SINGAPORE – Singapore’s core inflation will continue to rise over the coming quarters because of higher business costs and continued import price pressures, the central bank said in its latest macroeconomic review published on Thursday (Oct 28).
The Monetary Authority of Singapore (MAS) noted in its biannual review that while business cost pressures have been relatively contained so far, they are likely to pick up next year due to factors such as the tapering of government support measures.
As the domestic economy reopens and private consumption picks up, these accumulating business costs will be passed on to consumers.
On the external front, disruptions to global food production and consumer goods supply chains will likely take time to ease, it added.
Inflated shipping and delivery costs, as well as material costs, that have weighed on firms’ margins could also be passed on to consumers in the coming year, especially if demand persists.
For example, continued semiconductor chip shortages for at least another year could lead to the prices of consumer electronics remaining firm, MAS noted.
The ongoing logistics crunch could continue to push global food prices higher, which would lead to Singapore’s imported food price inflation increasing further in the coming months and non-cooked food prices rising in turn.

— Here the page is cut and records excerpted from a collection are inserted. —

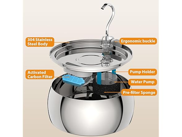 - Durable Stainless Steel, Easy to Clean: Made from high-quality stainless steel, this cat fountain resists corrosion, doesn't trap impurities, and is easy to clean. It's dishwasher-safe for hassle-free maintenance, offering long-lasting durability.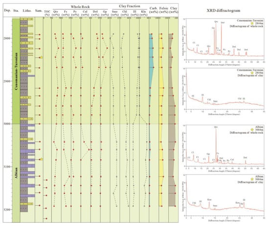 | Stage | Depth (m) | Whole-Rock Minerals, wt% | Clay Minerals, wt% | Lithofacies Types | |||||||||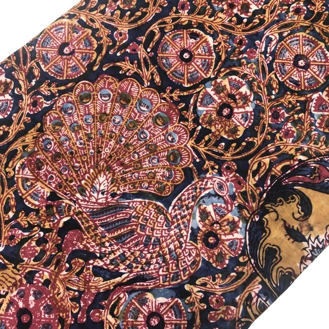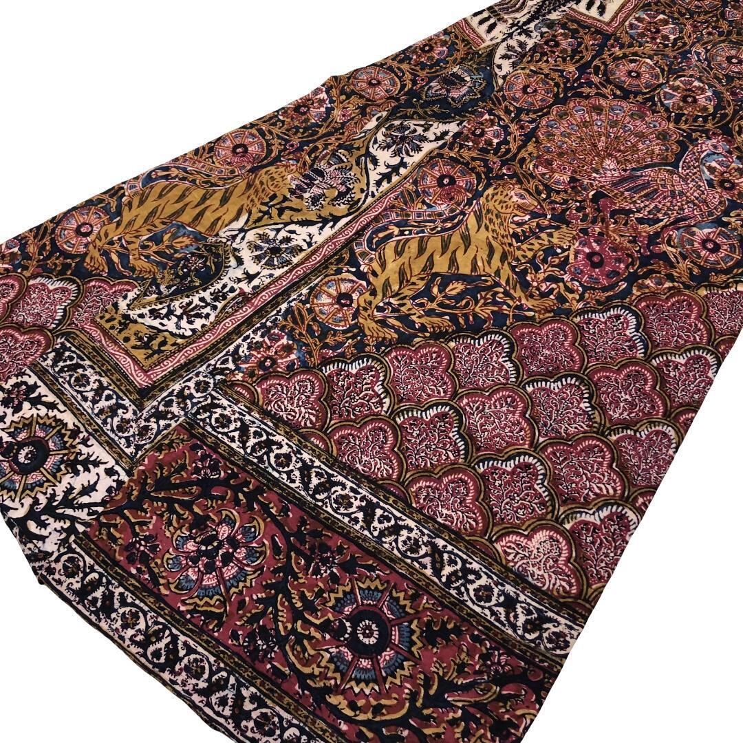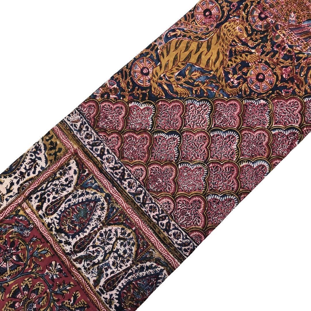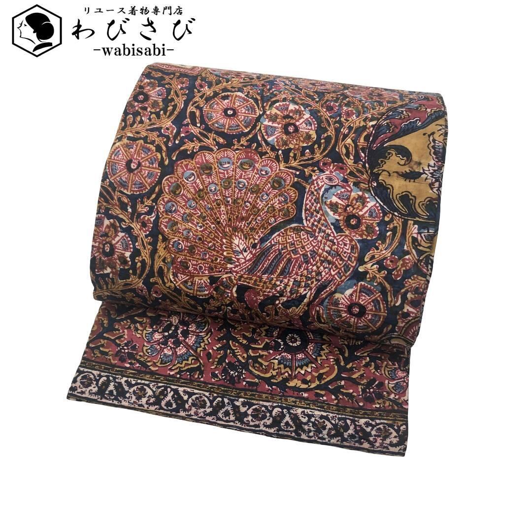 印象的な色彩の染柄、虎、孔雀などの動物柄、花模様がデザインされたおそらく創作で作られたオリエンタルな雰囲気の素敵なお品でございます。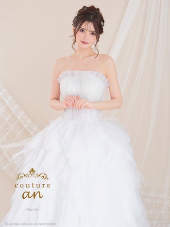 3. 【couture an/クチュール アン】ワンカラー フリル チュール レースアップ ベアトップ バースデー Aラインロングドレス(aocwd051)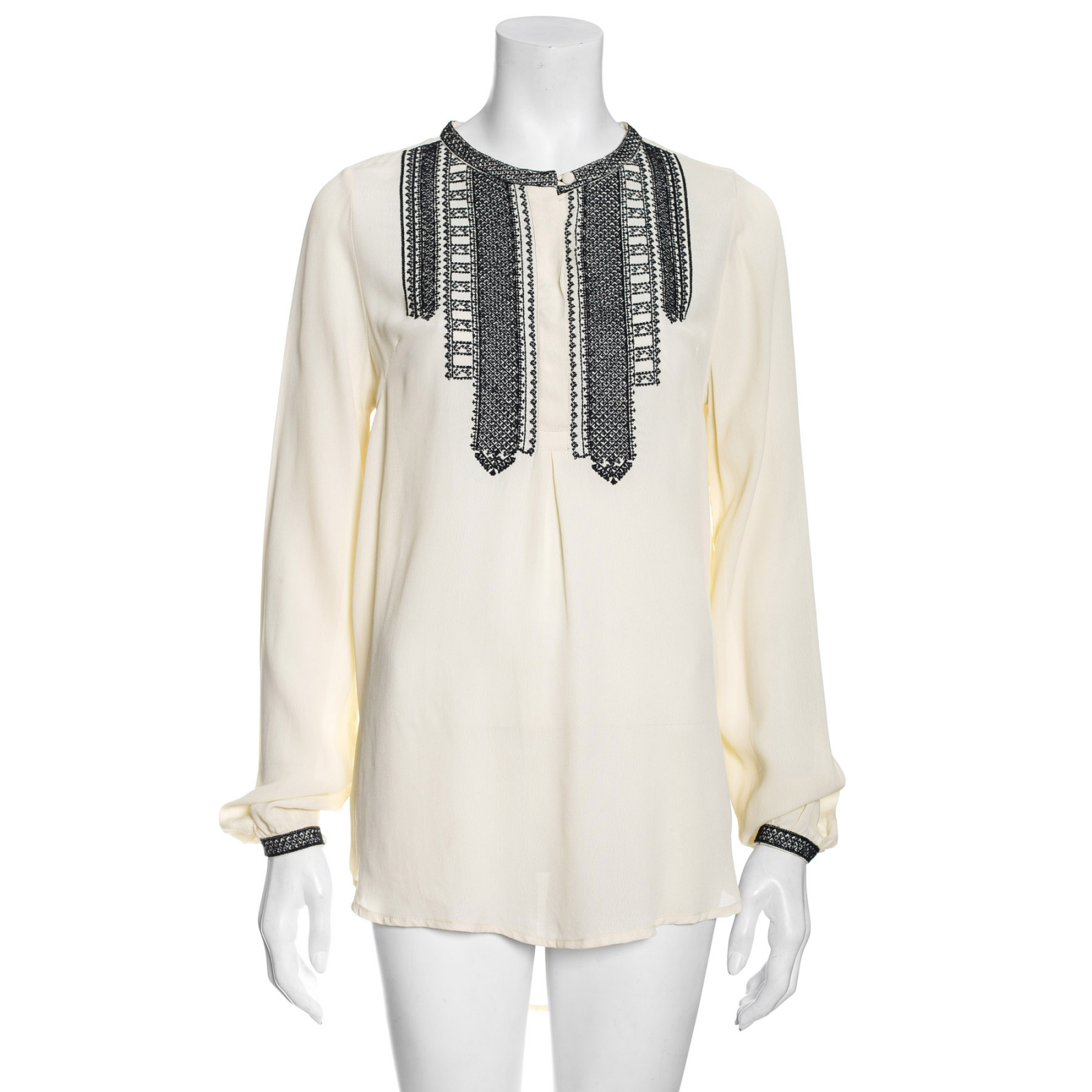 "kremowa koszula, czarne wyszycia przy dekolcie i na mankietach, z metką, rozmiar 34"

Singapore’s central bank tightened its monetary policy earlier this month in light of expected rising inflation, with the aim of ensuring price stability in the medium term.
MAS has forecast core inflation – which excludes accommodation and private road transport costs – to rise to 1 per cent to 2 per cent next year. Overall inflation is projected to average between 1.5 per cent and 2.5 per cent.
Core inflation in Singapore rose in the third quarter of 2021 due mainly to external factors such as higher energy and food prices. Rising wage costs were also likely reflected in the prices of some consumer services.
In its review, the central bank noted that globally, inflation has risen faster in economies where demand recovery has been stronger, such as in the United States and the Eurozone.
In contrast, the slower recovery in demand in many Asian economies has weakened the pass-through from the rise in upstream costs to consumers.
Demand for labour to rise in 2022
MAS said that Singapore’s labour market recovery remains broadly on track, even as heightened alert measures to curb Covid-19 infections had some temporary dampening effects in the second quarter of the year.
Demand for resident and non-resident workers is expected to rise in 2022 as the economy expands at an “above-trend pace”, it added.
However, it pointed out that the overall level of employment may not rise back to pre Covid-19 level even by the end of 2022, in part because firms are expected to raise labour productivity and demographic factors continue to weigh on resident workforce growth.
The central bank expects resident employment to continue expanding in 2022, although it could slow from this year as resident labour slack is further absorbed.
“As the labour market tightens and business and worker confidence recovers alongside steady economic expansion, resident wage growth is anticipated to strengthen next year,” MAS said.
Non-resident employment is also expected to stabilise and then rise gradually as Singapore progressively shifts towards managing Covid-19 as an endemic norm and as vaccination rates in the region improve, allowing more workers to enter.
But MAS also cautioned that a significant setback on the path out of the pandemic or weaker-than-expected global growth could slow the pace of the labour market recovery in Singapore.
Government policies aimed at improving the outcomes of lower-paid Singaporeans – such as the extension of the Progressive Wage Model to the retail sector and the extension of the Local Qualifying Salary requirement to all firms which employ foreign workers from September 2022 – will also add slightly to overall wage growth in the economy, MAS said.
It highlighted that demand for labour will likely continue to rise at a firm pace in sectors such as information and communications, health and social services, and financial and insurance services. In these sectors, employment and job vacancies have both exceeded pre-pandemic levels, suggesting tightening in labour market conditions.
There could also be higher non-resident wage costs for sectors where firms need to retain existing workers, such as in construction and manufacturing, MAS added.